How long has this been going on?

[jive]

Some progress with darkblue and Juan troubleshooting:

• nexus itself is okay, going onto the machine and accessing via localhost:8081 downloads content without issue
• nginx (osgeo3-nginx) configuration is likely introduced a size limit affecting routing to nexus

[jive]

Replying to robe:

jive looking at this now. I don't think we put in any new tools to cause this though.

How long has this been going on?

Let me check the geoserver deploy logs, I can at least get the correct date range.

• feb 23rd deploy worked
• march 1st: deploy failed

The public is starting to noice with build jobs and integration tests today.

So sometime on the weekend?

[robe]

Looks like osgeo3-nginx ran out of disk space. Was provisioned for 100GB. I've upped to 200 GB and will review to make sure nothing unusual. Can you try again and see if that resolved the issue?

[robe]

Okay determined cause of disk space out.
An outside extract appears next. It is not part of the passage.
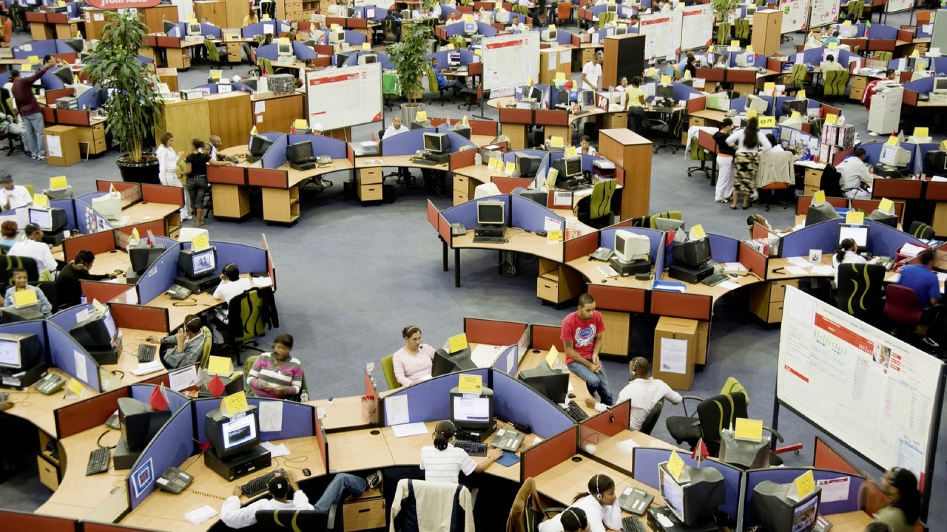 Ein bisschen wird man an einen summenden Bienstock erinnert, betrachtet man das Absa Bank Callcenter im Auckland Park in Johannesburg einmal aus der Vogelperspektive. Hier leisten 1800 Mitarbeiter telefonische Unterstützung.

I forgot to turn on log rotation on osgeo3-nginx when I set it up. As a result 90GB of space is taken up by nginx logs from beginning. I'll enable log rotation and that should prevent this issue moving forward.

[jive]

Deploy to nexus completed successfully.

Thanks for your assistance everyone!

[robe]

Okay logrotate is all set and I forced a rotate with:

logrotate -vf /etc/logrotate.d/nginx

to confirm I have the configs right so shouldn't be a problem moving forward.